In Field v. Harvey, the Plaintiff was injured in a motor vehicle accident, and consequently brought an ICBC claim for damages. However, the ICBC claim was brought beyond the two year limitation period. The Court was left to determine if the action could be proceed, or if it was statute-barred, and consequently had to be dismissed. Counsel for the Plaintiff submitted that, under the circumstances of this case, the Defendants were estopped from relying on the limitation defence, and raised three forms of estoppel in submissions to the Court. One of these forms of estoppel was estoppel by representation. The Court, however, ruled that the Plaintiff’s claim would be dismissed for being filed beyond the limitation period.
 The plaintiff relies on Canadian Superior Oil Ltd. v. Paddon-Hughes Development Co., 1970 CanLII 3 (SCC),  S.C.R. 932, at para. 19, where the court stated the essential factors giving rise to estoppel as:
(1) A representation or conduct amounting to a representation intended to induce a course of conduct on the part of the person to whom the representation is made.
(2) An act or omission resulting from the representation, whether actual or by conduct, by the person to whom the representation is made.
(3) Detriment to such person as a consequence of the act or omission.
 The plaintiff relies on the case of Revell v.
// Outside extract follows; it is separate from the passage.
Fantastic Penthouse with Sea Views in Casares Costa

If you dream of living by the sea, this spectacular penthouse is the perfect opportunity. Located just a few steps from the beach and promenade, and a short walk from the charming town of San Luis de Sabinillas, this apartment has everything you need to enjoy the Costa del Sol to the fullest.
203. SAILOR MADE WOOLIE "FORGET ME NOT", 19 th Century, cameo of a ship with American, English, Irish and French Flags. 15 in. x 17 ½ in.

Litwin Construction (1973) Ltd.,  6 B.C.A.C. 243 (“Revell”), which held at p. 15 that “there is no requirement that the conduct, which was relied upon by the person who seeks to raise an estoppel, has been intentionally designed to induce that reliance.” The plaintiff also relies on Revell for the court’s ruling that:
… The issue is not so much whether the reliance was based on unequivocal conduct, as it is whether the conduct, when viewed through the eyes of the party raising the doctrine, was such as would reasonably lead that person to rely upon it [page 16].
… What is important is whether his conduct, active or passive, could reasonably have led Litwin to believe that he intended to complete his investment contract, as a consequence of which Litwin was induced substantially to perform its obligations under that contract [page 19].
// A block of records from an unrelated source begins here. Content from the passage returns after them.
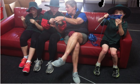
Lunchtime Knitting Group
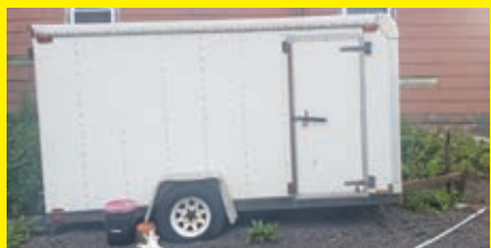
1998 TOWMASTER VN:N/A equipped with 14ft. Enclosed body, rear swing door, side entry door, single axle.
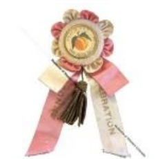
Pink 1900 Peach Day Ribbon (1990.14.2)
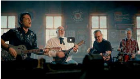
Shine (Collective Soul Cover) Click image to watch

Click on a thumbnail image to watch the video

… The perspective from which the application of the doctrine must be viewed is that of the person who seeks to rely on it and the issue is whether the conduct, when viewed through the eyes of the party raising the doctrine, was such as would reasonably lead that person to rely upon it. The underlying concept is that of unfairness or injustice.
 The plaintiff argues that the December 15, 2008, letter where the adjuster stated: “…all matters herein set out are written without prejudice and for the purpose of negotiating terms for settlement,” and suggesting that the plaintiff retain the massage therapy bill to be discussed “… at the time of settlement” clearly suggested that ICBC, on behalf of the defendants, intended to settle the matter at some time in the future.
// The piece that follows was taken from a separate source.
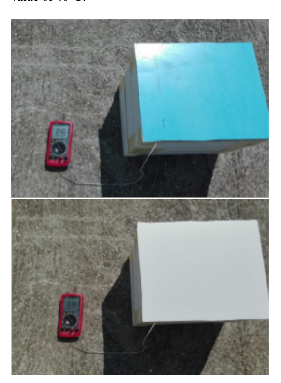
Fig.1 The experiment carried out at CERN Idea Square.

The prototype was positioned under the sunlight, firstly with the light blue roof. The initial temperature inside the prototype ( T_0 ) was measured and equal to the ambient temperature of 33°C. After a thermal transient of 20 minutes, the final temperature ( T_F ) has reached the value of 40°C.

 The plaintiff relies solely on the December 15, 2008, letter for her argument that the defence of estoppel can be applied as a defence to the provisions of the Limitation Act. That letter explicitly states: “[n]othing herein contained is or shall be construed as either an admission of liability on the part of the insured or a waiver or extension of any applicable limitation period.”
 A reasonable interpretation of this letter in no way evidences a representation or promise, by convention or otherwise, to waive or extend the applicable limitation period. In my opinion, it does quite the opposite by warning the plaintiff that, although all claims are negotiated toward the goal of settlement, time is still running.
 Limitation periods exist, in part, to encourage plaintiffs to bring their actions in a timely manner. The plaintiff has failed to bring her action in a timely manner and has not satisfied this court that there exists a lawful reason for her failure to comply with the provisions of the Limitation Act.